Na espera, a melodia

Era um menino doce e presepeiro quando eu o conheci há 30 anos atrás. Filho de um sanfoneiro aqui da cidade de Patos de Minas, naquela época nem luz elétrica nós tínhamos. Morávamos numa casa geminada da família deles: eu, pai e mãe; ele, pai, mãe e seis irmãos.
Mas era ele quem corria sempre até o quintal para pedir ao sanfoneiro que o levasse junto em suas viagens. Ele poderia ajudar, queria ajudar, queria ver mais do talento do pai. E cada semana que se passava, cada semana ele contava, a cuidar da casa como se fosse o senhor dali. E, na hora do retorno, sempre estava no portão a esperar pela música que ia surgindo do final da rua, versos entoando a antiga canção "tu me ensinas a fazer renda, que eu te ensino a namorar".
No início, a viagem levava uma semana. Depois, duas, um mês. As pessoas pararam de contar quando se passou um ano e não se teve mais notícias da melodia.

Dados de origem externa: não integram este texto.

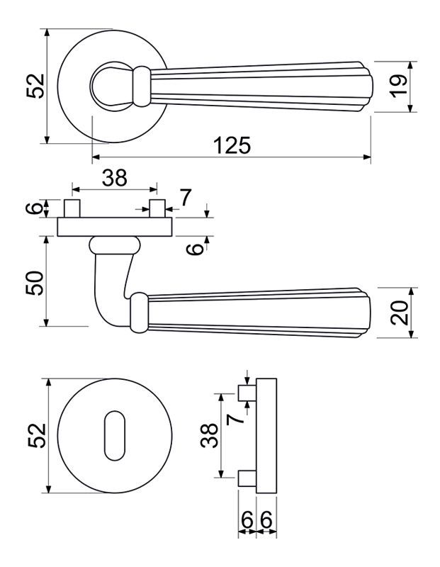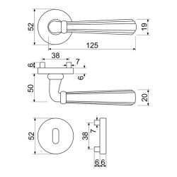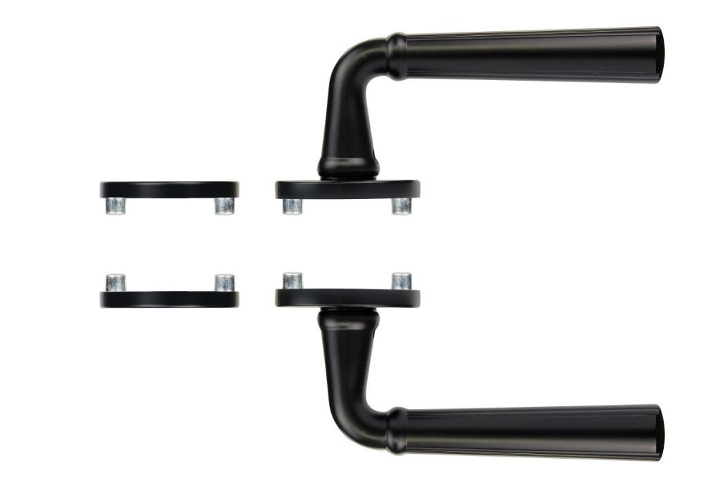 Zamakové kování na kulatých rozetách s vratnou pružinou klik

O menino, contudo, acreditava firmemente que o pai voltaria: 365 dias se passaram, 365 dias estava ele a esperar.
O tempo é por demais longo para os que esperam. O irmão pegou tuberculose, a mãe definhou, a irmã fugiu de casa, um deles se afogou, os mais novos precisavam, os mais velhos trabalhavam, não tinha mais solução, e assim acabou-se a espera no portão. Quem se fazia senhor dali na ausência do pai, cresceu 10 anos em um. E foi vendo a vida passar enquanto batalhava para sobreviver.
Hoje, se foram 30 anos. Lembro-me ainda da casa conjugada e da história dele. Me mudei mais pro fim da rua, ele mora no mesmo lugar: a irmã que sobrou, esposa, quatro filhos e uma sanfona jogada de lado, junto das memórias que ele não se permite lembrar.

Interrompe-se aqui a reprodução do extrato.